GLOBAL warming is as difficult a challenge as public officials have ever faced. Despite inadequate knowledge, we must make decisions that could involve more than a trillion dollars and many lives.
But we do know enough that the correct course of action is clear if, instead of first focusing on an international agreement, as we have been doing, we focus on what type of long-range energy policy makes sense.
A real problem
Concern about the accelerating buildup of carbon dioxide as a result of increased burning of fossil fuels is legitimate. Reputable scientists, using sophisticated computer models, have calculated that increased concentrations of carbon dioxide in the atmosphere could cause changes in temperature that would have devastating results.
For example, rising ocean levels could wipe out low-lying coastal areas; changing weather pattens might make prime farmland useless; and killer storms could become more frequent.
While no valid evidence exists that these will occur, an overwhelming majority of scientists believe that climate change poses enough of a threat that the time to start stabilizing carbon-dioxide emissions is now.
Unfortunately, any effective action will be very costly. Our economy thrives on the cheap energy provided by fossil fuels. Thus, to decrease fossil-fuel use, it is necessary either to deprive ourselves of the benefits of energy or derive energy from more expensive alternatives.
That bridge is another huge unknown: the cost of providing energy without burning fossil fuels. Someday, a new source may provide cheap energy, but we cannot count on that happening anytime soon.
So policy-makers are faced with an agonizing question: Do we impose large costs on the economy now to protect against what may be a catastrophe 50 or 100 years from now?
The correct choice is made easy by a fact that has been largely ignored in the debate.
Fossil-fuel supplies are finite and irreplaceable; within two centuries, almost all energy will need to be derived from other means. Even if increased carbon-dioxide emissions do not cause serious problems, the cost of converting to other energy sources will need to be incurred soon.
By starting now, we would be able to make the transition more efficiently and less costly than if we wait.
Public policies can decrease use of fossil fuels by three approaches: regulations, subsidies and market forces. The first two have the disadvantage that they depend on decisions by bureaucrats who seldom have the background to make the best decisions and often are influenced by politics.
Nevertheless, the $6.3 billion package that President Clinton has proposed to "mobilize cutting-edge technology in the fight against global warming" relies on targeted tax incentives.
Forgotten is experience. For example, billions of dollars went to a few companies to develop synfuels using technologies that proved worthless.
Tax credits to homeowners for installing solar-heating units to provide hot water spawned an industry that died when the subsidy was removed.
The most economically efficient approach is to use market forces. However, this requires that fossil fuels be heavily taxed, which runs counter to public opinion.
However, energy taxes sufficient to decrease use could be enacted if all the proceeds were distributed to individuals and corporations in a way that was fair and created more individual winners than losers.
For example, if fossil fuels used in power plants were taxed so that the cost in 1997 dollars increased by 4 percent to 7 percent a year for 20 or 30 years, alternative forms of energy -- such as photovoltaic cells, nuclear energy, windmills and biomass -- would become more and more competitive and increase market share.
That, in turn, would increase the chances of innovations, which would make one or more of these technologies far cheaper.

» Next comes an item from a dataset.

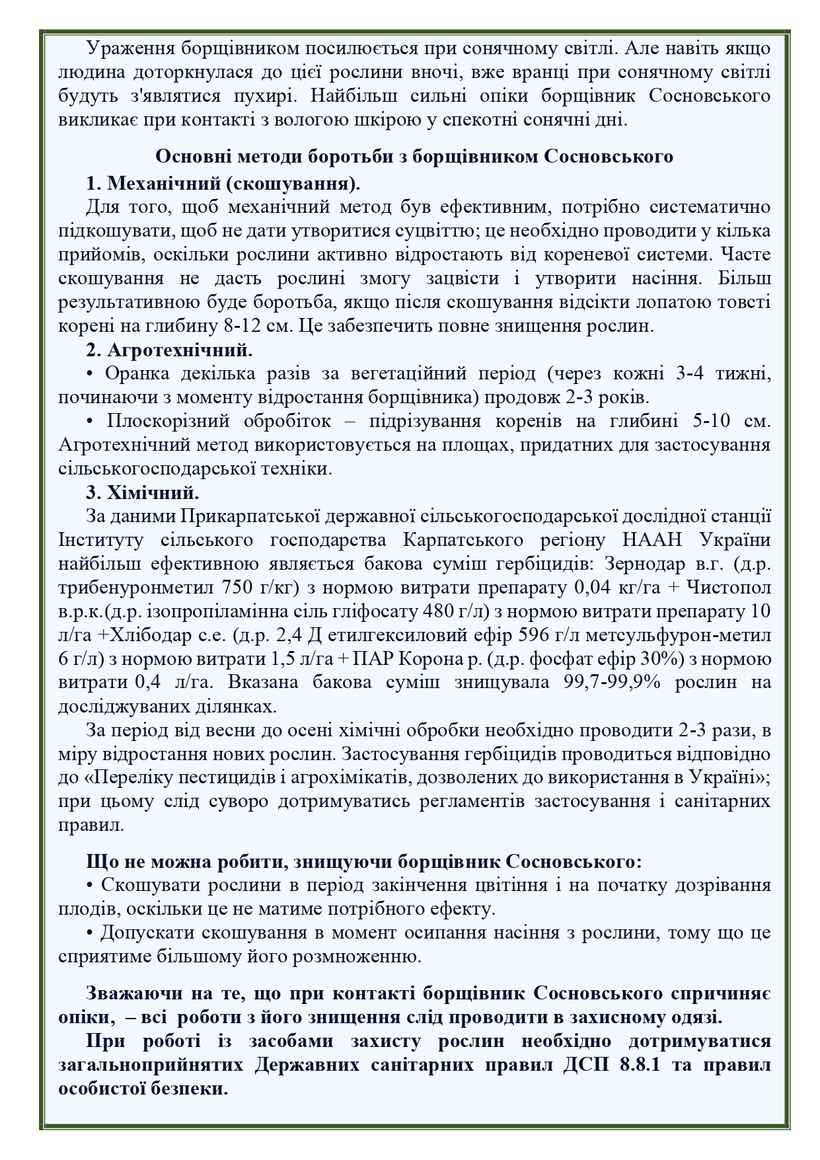 НЕБЕЗПЕЧНІСТЬ БОРЩІВНИКА СОСНОВСЬКОГО ТА РЕКОМЕНДАЦІЇ ЩОДО ЗАПОБІГАННЯ ЙОГО ПОШИРЕННЮ

Likewise, a commitment to increase gasoline prices gradually over many years would result in more fuel-efficient cars and would make cars that run on electricity or fuel cells more competitive.
Change is necessary
Opinion polls show that Americans are willing to make modest cutbacks now for future benefits. But in a transition of this type, there will be short-term losers, some of whom will campaign to maintain the status quo.
Unfortunately, our political system allows the interests of a large majority to be subordinated to the special interests of a few when the majority are not sufficiently concerned.
Ideally, climate change will not be such a case.
James L. Hecht is a senior fellow at the Center for Public Policy and Contemporary Issues at the University of Denver.